Now, I won't say that i'm not useful at my church, or that i'm not wanted. I am both useful and wanted. But I am definitely not needed. Tonight was a very good reminder that there are tons of passionate people out there who can do what I do, maybe even better. It reminds me that my participation in Fusion is a gift, that i'm not indespensible at all.
I talked to Roy afterwards about not having enough money for the retreat this weekend, and that if it was too much money to get me there, I didn't have to go. He just said "ok".
What was I expecting?

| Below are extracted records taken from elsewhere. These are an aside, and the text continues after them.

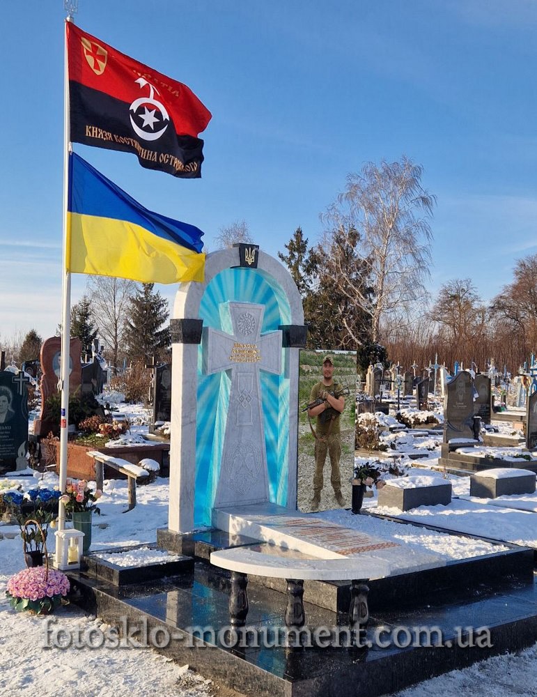 Хрест встановлений у витонченій білій арці з мармуру, яка підкреслює велич і непохитність духу загиблого. Поруч, у повний зріст, розташоване велике фотоскло із зображенням воїна, що створює відчуття його присутності та нагадує про його героїчний шлях.
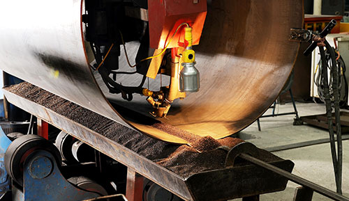 螺旋鋼管是以帶鋼卷板為原材料,經(jīng)常溫?cái)D壓成型,以自動(dòng)雙絲雙面埋弧焊工藝焊接而成的螺旋縫鋼管。螺旋鋼管將帶鋼送入焊管機(jī)組,經(jīng)多道軋輥滾壓,帶鋼逐漸卷起,形成有開(kāi)口間隙的圓形管坯,調(diào)整擠壓輥的壓下量,使焊縫間隙控制在1~3mm,并使焊口兩端齊平。
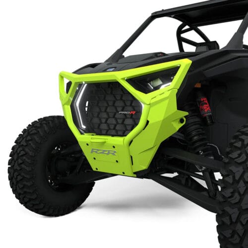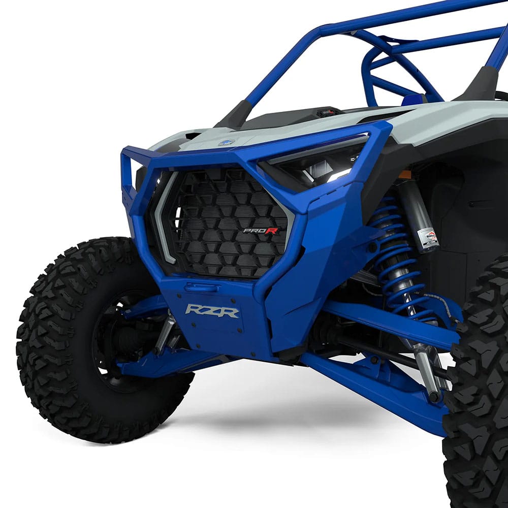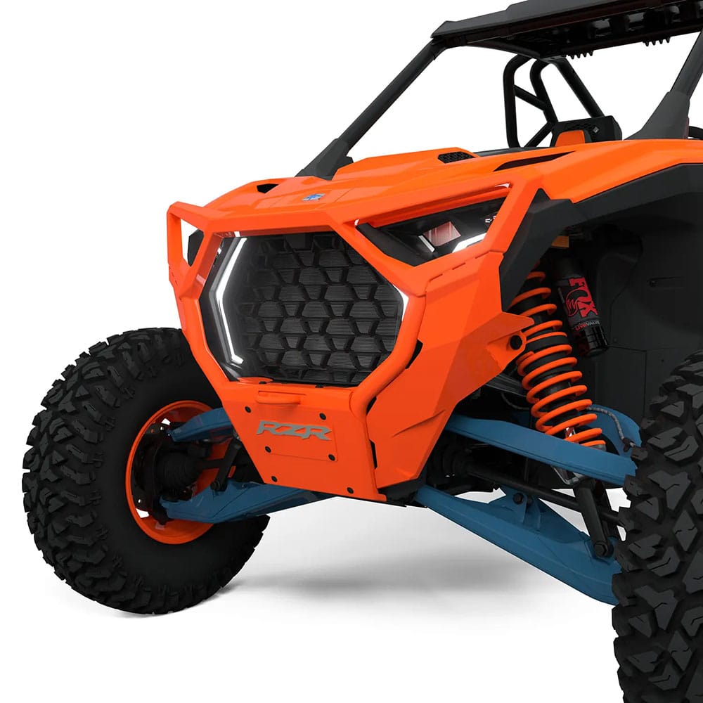 Upgrade your RZR with the Front High Coverage Bumper—a rugged and stylish addition that offers both utility and protection. This high coverage front bumper is designed to safeguard valuable components of your vehicle during off-road adventures, minimizing the risk of damage. Constructed with heavy-duty materials, it can withstand impact from obstacles like stumps and rocks. The tubular structure design and cast headlight bezels provide maximum coverage, while a built-in heavy-duty tow point ensures versatility on the trails. The bumper features a silk-screened RZR logo on the front cover plate to complement the aesthetics of your SxS. Designed for easy installation, this RZR front bumper utilizes direct-from-the-factory mounting points. All necessary mounting hardware is included. Choose from color-matched paint options to enhance the style of your RZR. Front plate is removed when bumper is used with a winch.
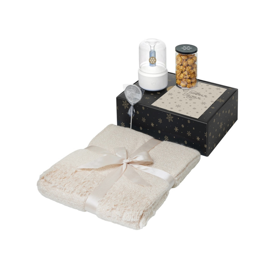 Подарочный набор с пледом, увлажнителем и попкорном, бежевый
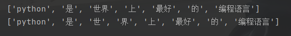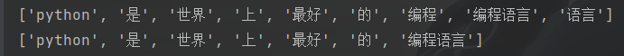 # ['python', '是', '世界', '上', '最好', '的', '编程', '语言', '编程语言']
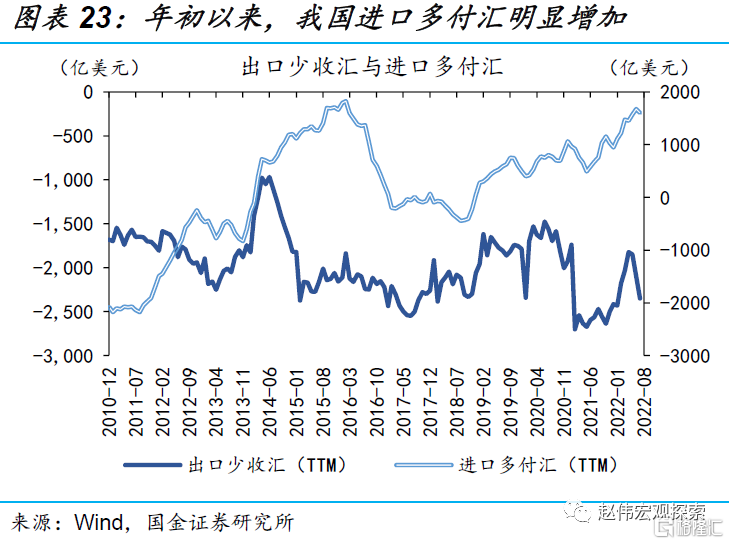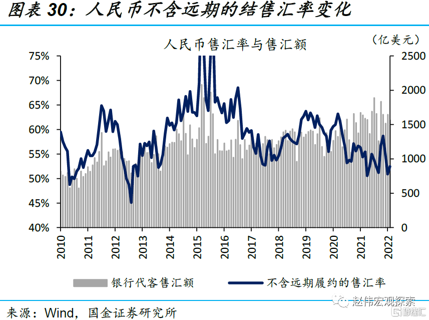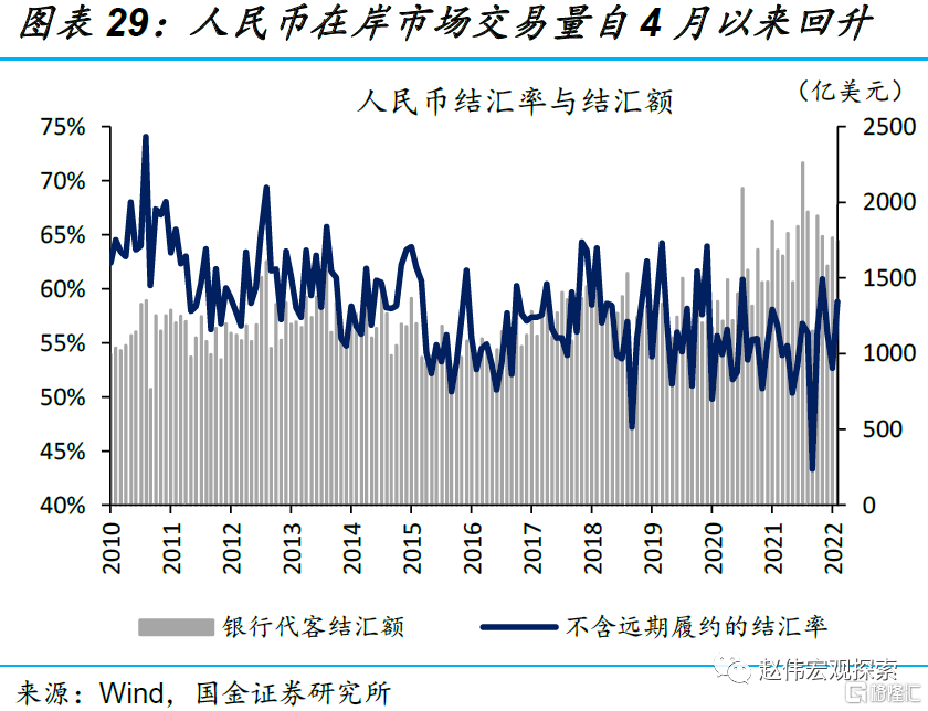 短期来看,强美元压制下,人民币或仍有一定贬值压力;但外汇市场上企业结售汇、银行结汇意愿等变化,或将缓和人民币贬值速度。能源价格高企下,欧、日相较美国衰退程度或将更深,这将支撑美元维持强势。本轮贬值的主因是美元压制,美元筑顶前,人民币仍有贬值压力。而企业、银行结汇意愿的变化,或有助于减少贸易环节漏出,增加美元供给、放缓贬值速度。
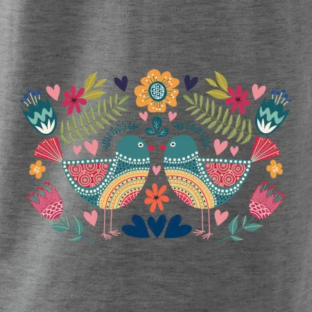 FOLKLOR – DVA BAREVNÍ PTÁČCI NA TRIČKU
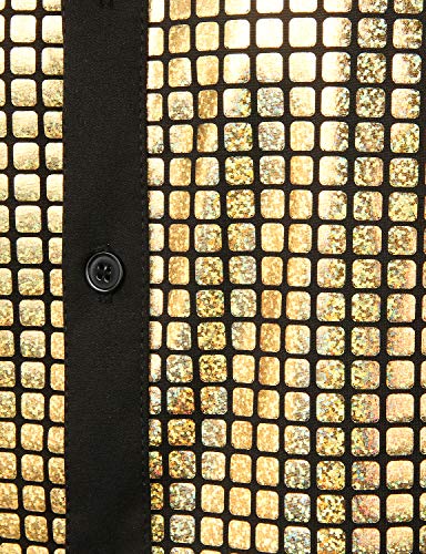 JOGAL Abito da uomo camicia paillettes bottoni giù camicie manica lunga anni '70 discoteca partito costume, Laser Gold, XL
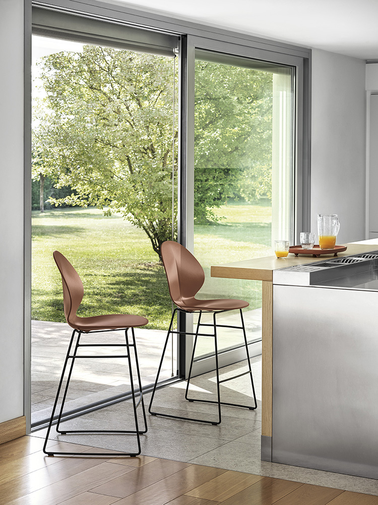 BASIL model stool, shell with a sophisticated design and metal sled base.Its shape evokes the form of a basil leaf. The central ribbing becomes at the same time the structural and decorative theme of the product. Metal sled base with footrest.The BASIL stool represents a great choice in the kitchen or a lounge bar. Discover all the finishes!
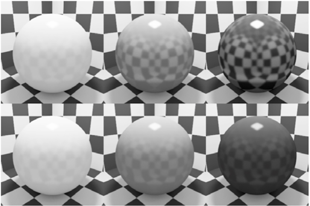 - „Bildschärfeglanz": Empfundene Schärfe der reflektierten Objekte (je schärfer, desto störender) (Original: DOI gloss (DOI: distinctness of image))

For him to say,"no Jon, you have to go, we need you!" That is ridiculous, and I was being very selfish in assuming that I was that important.
I don't know what i'm trying to say.... just that I know that i'm not integral to Fusion's ministry. I'm just a piece of the machine- and a small one at that. I guess I should be grateful for what God has given me- grateful and not stupid. It is an honor to serve with the other leaders at Fusion, and under a guy like Roy. It is an honor and nothing more.
Also, looking at Ben lead tonight- it made me realize that Fusion would go on just fine without me. Kind of crazy to think about. Crazy, but true.